** About this exercise **
Retype every line from the top of the entries down to the one with "Entre otros temas, don", both included, and skip the pictures.
+++
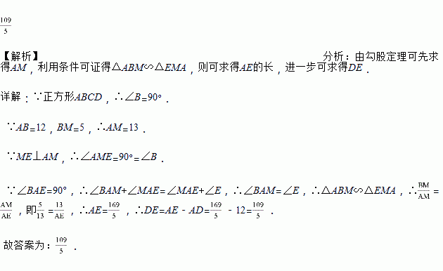 如图,正方形ABCD中,M为BC上一点,ME⊥AM,垂足为M,ME交AD的延长线于点E.若AB=12,BM=5,则DE的长为_____.
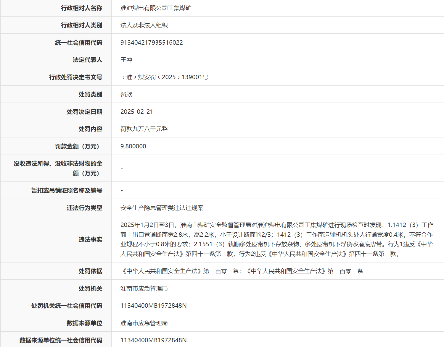 近日,信用安徽披露行政处罚信息,因涉安全生产隐患管理类等违法违规,淮浙煤电有限责任公司顾北煤矿被罚款6.8万元,行政处罚决定书文号为﹝淮﹞煤安罚﹝2025﹞110005号。
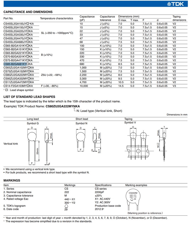 25X CS85-B2GA681KYPKA CS681K Tdk 680pF 10% and 48 similar items
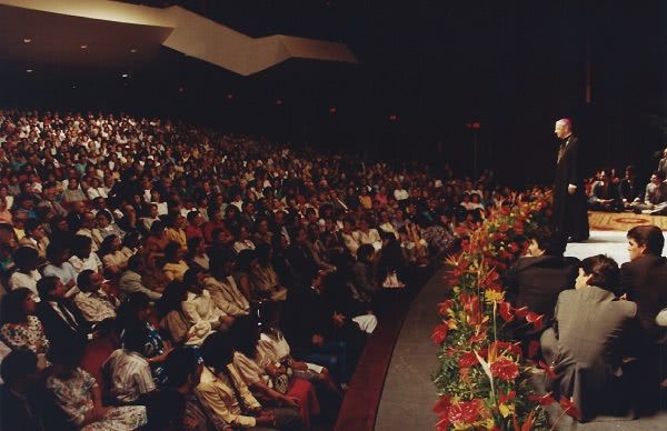 Entre otros temas, don Álvaro habló de la importancia de acudir al Sacramento de la Confesión y del amor a la Virgen, ya que se estaba celebrando en la Prelatura un Año Mariano, por cumplirse el 70º aniversario de la fundación del Opus Dei.
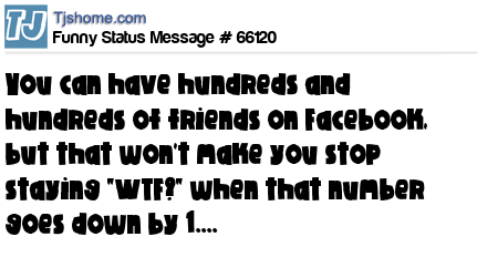 - # 87302 I can have hundreds and hundreds of friends on facebook, but that won't stop me from saying "WTF!?" when that number goes down by one...
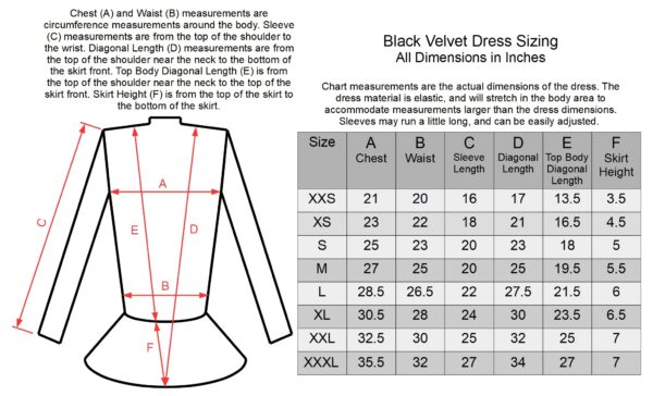 • Dress material stretches to fit different body sizes and types for a given size.
+++
** Output below **
 如图,正方形ABCD中,M为BC上一点,ME⊥AM,垂足为M,ME交AD的延长线于点E.若AB=12,BM=5,则DE的长为_____.
 近日,信用安徽披露行政处罚信息,因涉安全生产隐患管理类等违法违规,淮浙煤电有限责任公司顾北煤矿被罚款6.8万元,行政处罚决定书文号为﹝淮﹞煤安罚﹝2025﹞110005号。
 25X CS85-B2GA681KYPKA CS681K Tdk 680pF 10% and 48 similar items
 Entre otros temas, don Álvaro habló de la importancia de acudir al Sacramento de la Confesión y del amor a la Virgen, ya que se estaba celebrando en la Prelatura un Año Mariano, por cumplirse el 70º aniversario de la fundación del Opus Dei.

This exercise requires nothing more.